You can’t control what you don’t understand; time to stop trying and start listening, maybe?

Military drone pilots could be prosecuted as war criminals

A while ago, we were wondering whether killing a drone or UAV pilot counted as a legitimate act of war. Still no word on that one, but there’s more bad news for the CIA drone pilots in the form of a professor of national security law who suggests that the drone pilots – and their superiors – could be prosecuted for war crimes in the countries where their attacks take place:

Loyola Law School professor David Glazier, a former Navy surface warfare officer, said the pilots operating the drones from afar could — in theory — be hauled into court in the countries where the attacks occur.
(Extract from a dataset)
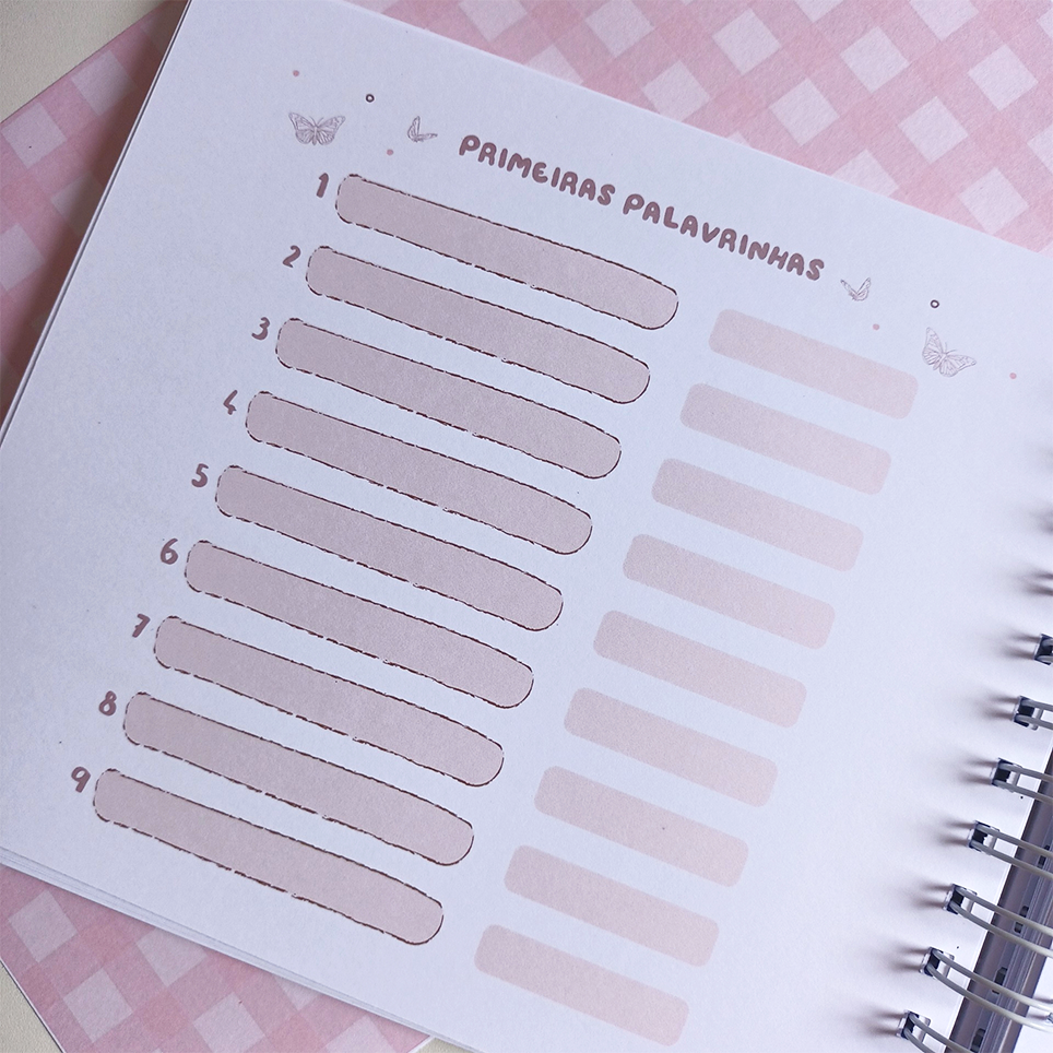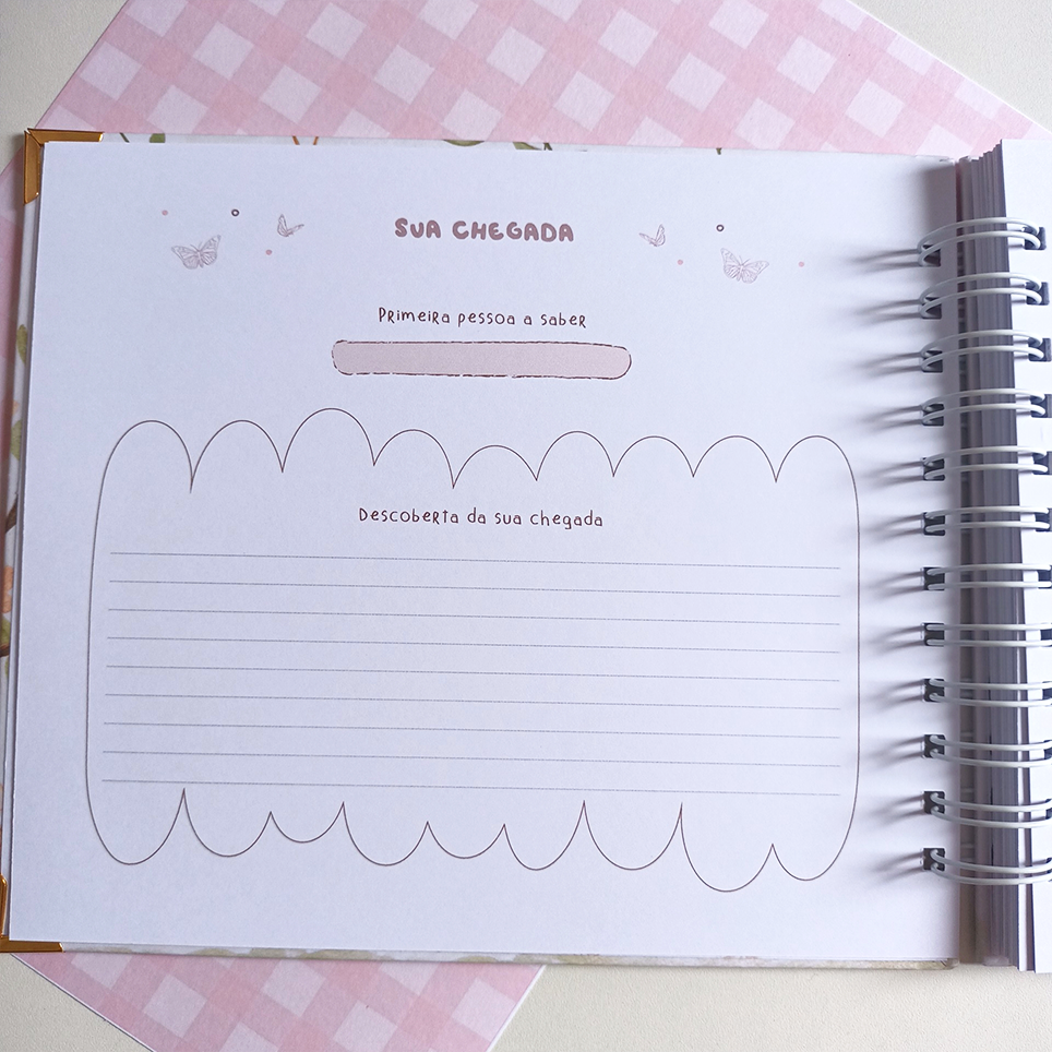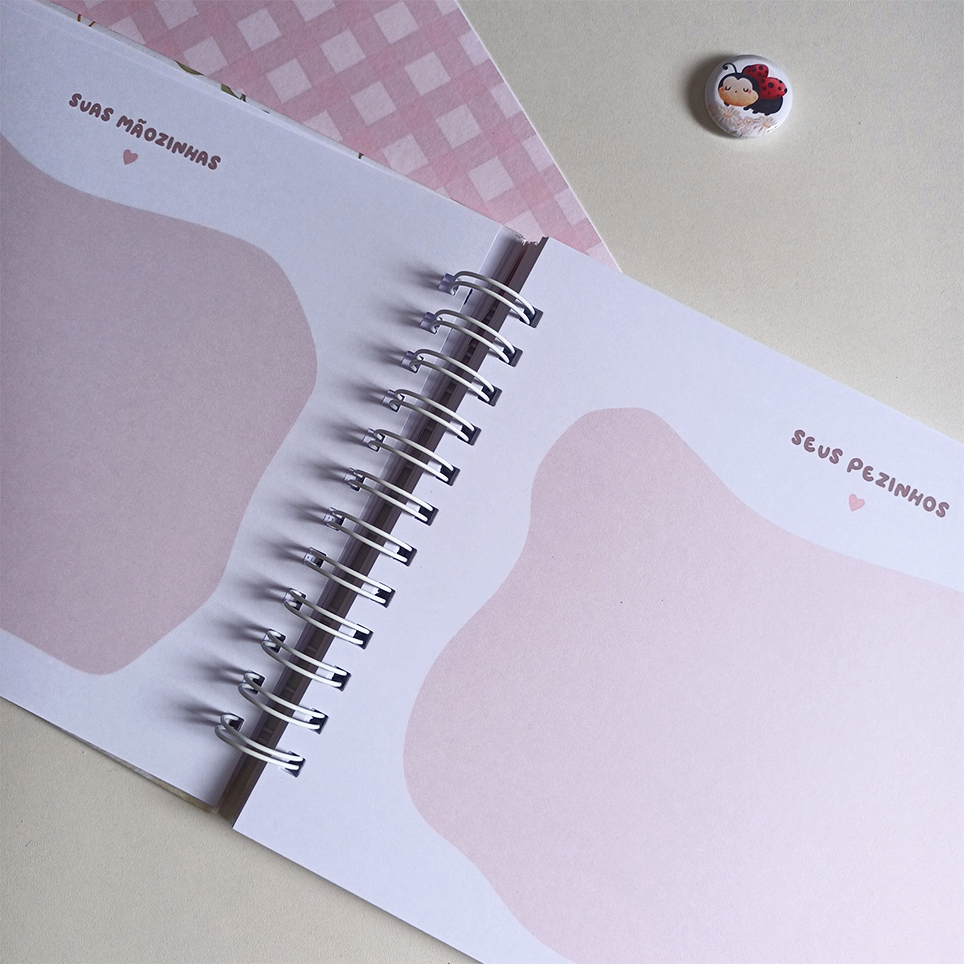 O nosso Livro do Bebê tem um layout clean e delicado, deixando espaço para você usar a imaginação e decorar da forma que mais te agrade.

That’s because the CIA’s drone pilots aren’t combatants in a legal sense. “It is my opinion, as well as that of most other law-of-war scholars I know, that those who participate in hostilities without the combatant’s privilege do not violate the law of war by doing so, they simply gain no immunity from domestic laws,” he said.

“Under this view CIA drone pilots are liable to prosecution under the law of any jurisdiction where attacks occur for any injuries, deaths or property damage they cause,” Glazier continued. “But under the legal theories adopted by our government in prosecuting Guantánamo detainees, these CIA officers as well as any higher-level government officials who have authorized or directed their attacks are committing war crimes.”

Somehow I can’t see that stopping the AfPak drone war any time soon, especially given how popular UAVs are with the US military nowadays – it’s gotta be easier to sign people up for battlefield wetwork when they can do it with no risk of being shot in return, I’m guessing. And hey, laws can always be superceded (or just plain ignored), especially if you end up winning.

Then again, they thought Nam would be a cakewalk, didn’t they?